EIP-55: Mixed-case checksum address encoding.

Mistakes can get fairly expensive when it comes to dealing with money. Because of this, Bitcoin implemented error detection using checksums to catch attempts to use invalid addresses. Ethereum decided to take more compositional approach and delegate this functionality to higher-level systems, but while they are being created and adopted many users are losing their money. Implementing checksum is fairly easy, but the tricky part is doing it in a backwards compatible way. Take a minute and try to come up with a way to add checksums to Ethereum addresses without changing them. Hint:

Ethereum Addresses are based on the Hexadecimal format (also base16 or hex). [...]. Ethereum addresses are not case sensitive and can be used as lowercase or uppercase. Since addresses are case insensitive, what if we use casing to embed checksum information? That's exactly what Vitalik proposed in EIP-55:

def checksum_encode(addr): # Takes a 20-byte binary address as input
    hex_addr = addr.hex()
    checksummed_buffer = ""

    # Treat the hex address as ascii/utf-8 for keccak256 hashing
    hashed_address = eth_utils.keccak(text=hex_addr).hex()

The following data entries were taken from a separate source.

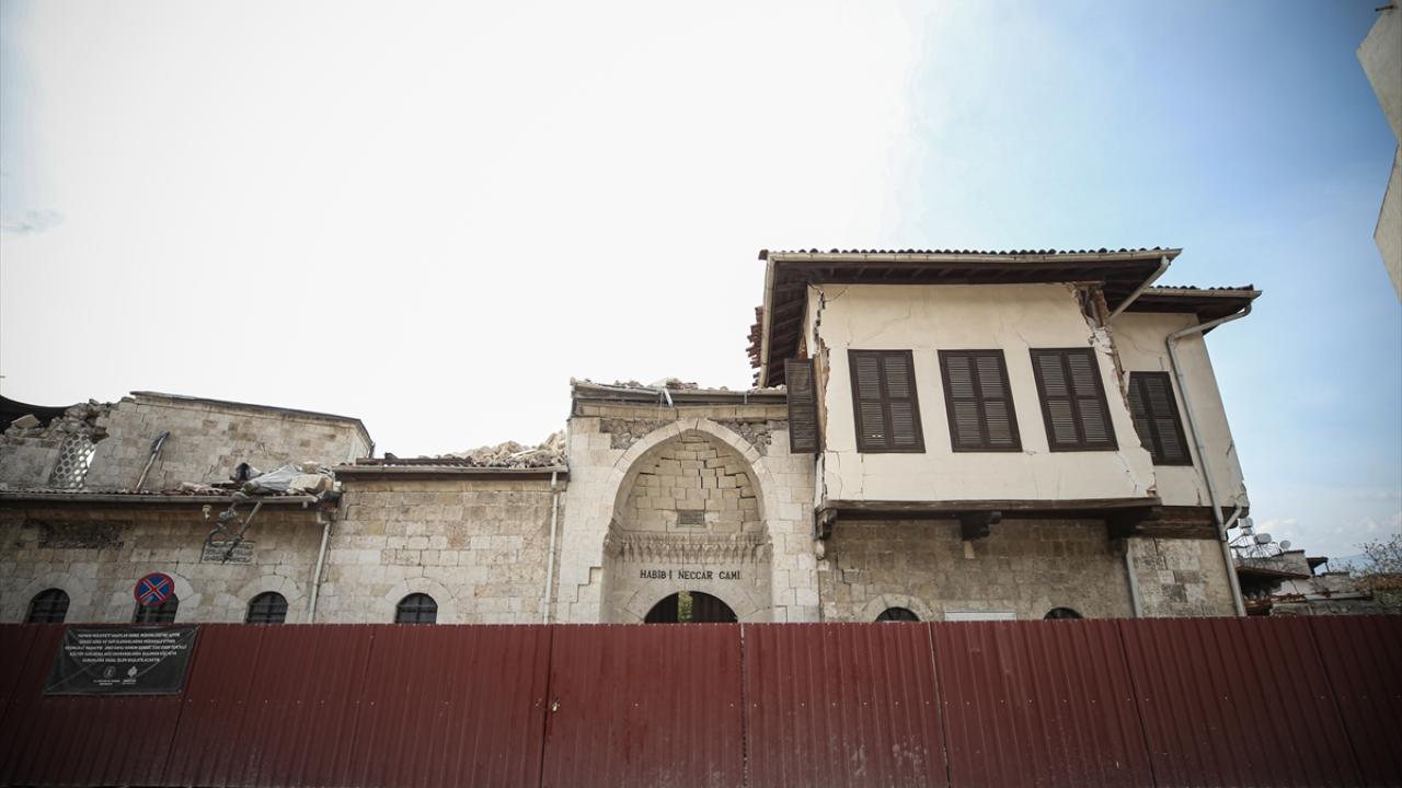 Kazı başkanı Muhammet Arslan, depremlerin kentin simgelerinden Habib-i Neccar Camii`nde büyük yıkıma yol açtığını söyleyerek, "Maalesef harimin üzerini kapatan üst örtüsü tamamen içeriye göçmüş, son cemaat yeri yıkılmış, minaresi de tamamen yıkılarak avluyu enkaz haline getirmiş" dedi.
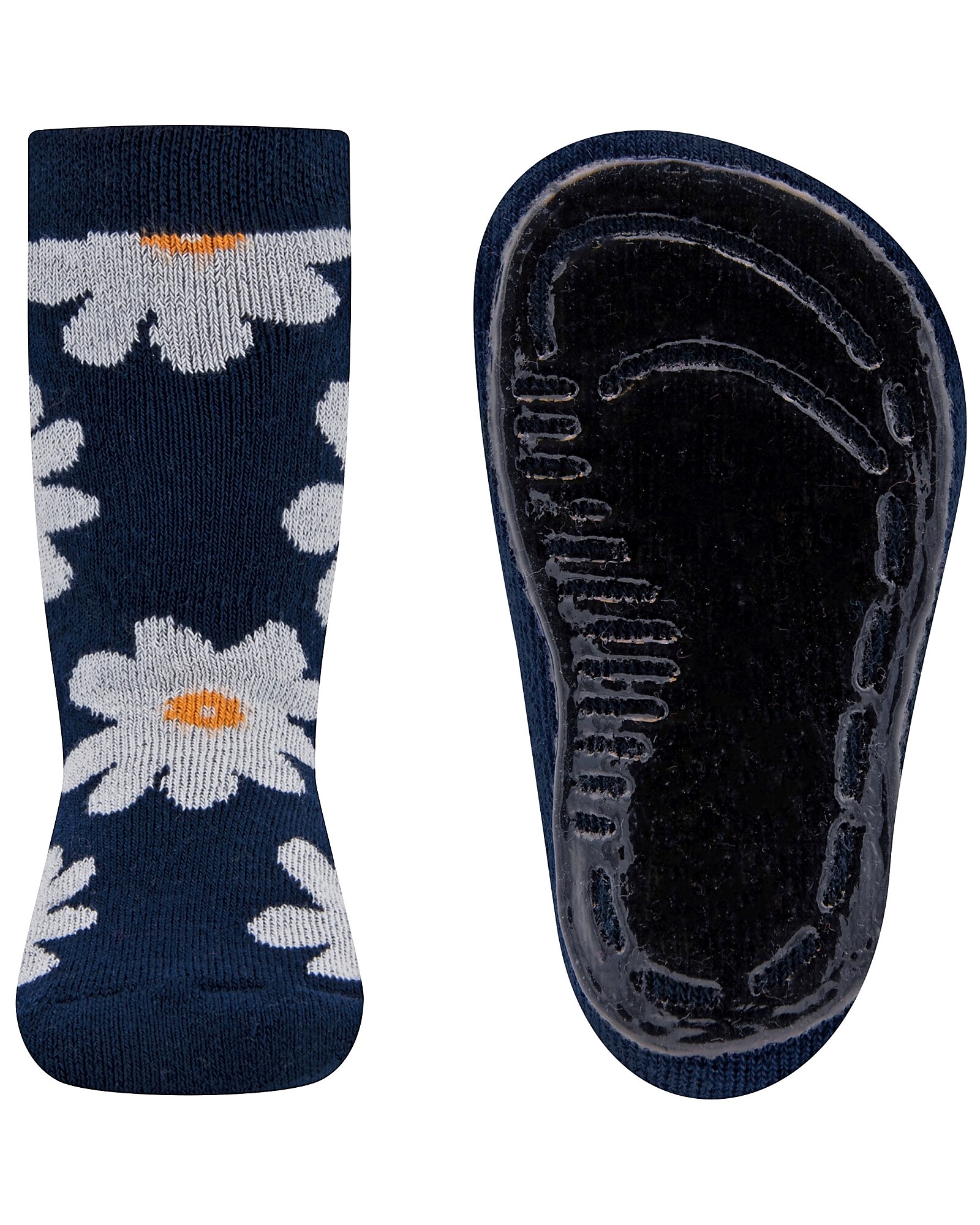 SoftStep Non-Slip Socks - Flowers - Cotton - Navy
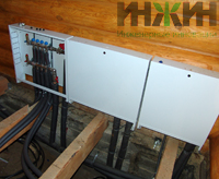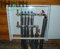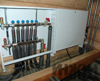 - Смонтировано четыре распределительных коллектора Rehau: на 5 и 6 отводов - в доме, на 4 отвода (2 шт.) - в бане;

    # Iterate over each character in the hex address
    for nibble_index, character in enumerate(hex_addr):

        if character in "0123456789":
            # We can't upper-case the decimal digits
            checksummed_buffer += character
        elif character in "abcdef":
            # Check if the corresponding hex digit (nibble) in the hash is 8 or higher
            hashed_address_nibble = int(hashed_address[nibble_index], 16)
            if hashed_address_nibble > 7:
                checksummed_buffer += character.upper()
            else:
                checksummed_buffer += character
        else:
            raise eth_utils.ValidationError(
                f"Unrecognized hex character {character!r} at position {nibble_index}"
            )

    return "0x" + checksummed_buffer

Basically we are computing a checksum using keccak256 and use its hex representation as a mask to decide whether hex digit of the address should be upper-cased based on a value of the checksum at the same position:

...
            # Check if the corresponding hex digit (nibble) in the hash is 8 or higher
            hashed_address_nibble = int(hashed_address[nibble_index], 16)
            if hashed_address_nibble > 7:
                checksummed_buffer += character.upper()
            else:
                checksummed_buffer += character
...

Older clients ignore the case and don't perform the check, hence backwards compatibility, but newer clients perform the check and detect errors. It's fascinating that such a simple, cheap and backwards compatible technique

On average there will be 15 check bits per address, and the net probability that a randomly generated address if mistyped will accidentally pass a check is 0.0247%. This is a ~50x improvement over ICAP, but not as good as a 4-byte check code.

This underscores the value of specification, since it defines behavior, and is a great example of clever way to embed additional information.